2. Erin
CHAPTER 2
ERIN
S ome you win, some you lose.
Thursday lunchtime found us sitting in the Library on the second floor of the Galaxy Hotel. And when I said “the Library,” I meant a bar called the Library that had bookshelves lining the walls and a menu where everything came with fries. Two men were sitting next to us, talking way too loudly about cars, and Ari kept giving me looks whenever I picked up my cutlery because she knew I wanted to stab one or both of them in the eye with a fork.
At least the fries were crispy.
I’d gone from the perfectest villa on the West Coast to the shonkiest hotel in Vegas, and now I didn’t even have hot water.
“Does your shower work?” I asked Ari. “I turned mine on, and cold water came out, so I thought that maybe it was labelled wrong, but when I turned the knob the other way, the water was still cold.”
“Mine works okay. Did you try calling guest services?”
“You said we should keep a low profile. ”
“Yes, by acting like regular guests. A regular guest would call about the hot water.”

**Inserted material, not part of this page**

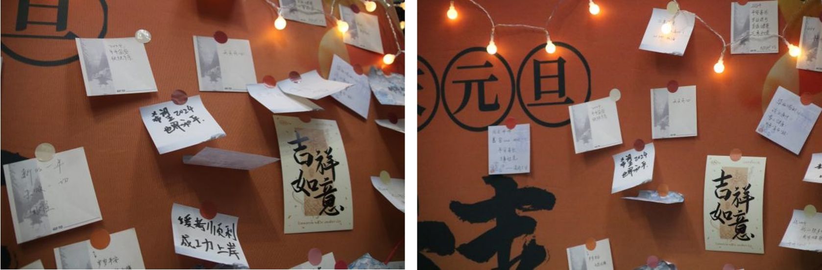 新年许愿墙上,师生纷纷写下自己的新年祝福,并将浪漫与温暖一道相送。

“Okay, I’ll call about the hot water.”
Great, one of the car dudes was playing a video on his phone, volume on full. Was it possible to ram a phone up a man’s ass? You always heard stories about doctors removing weird things from rectums in the ER, but you never found out how they got there. Now I knew.
Before we came to the Library, we’d met Jerry in a tiny apartment that she’d referred to as “my apartment” but it didn’t seem very homey, even if there was an art print of a cute kitten hanging on the wall and a variety of dirty mugs littering the counter.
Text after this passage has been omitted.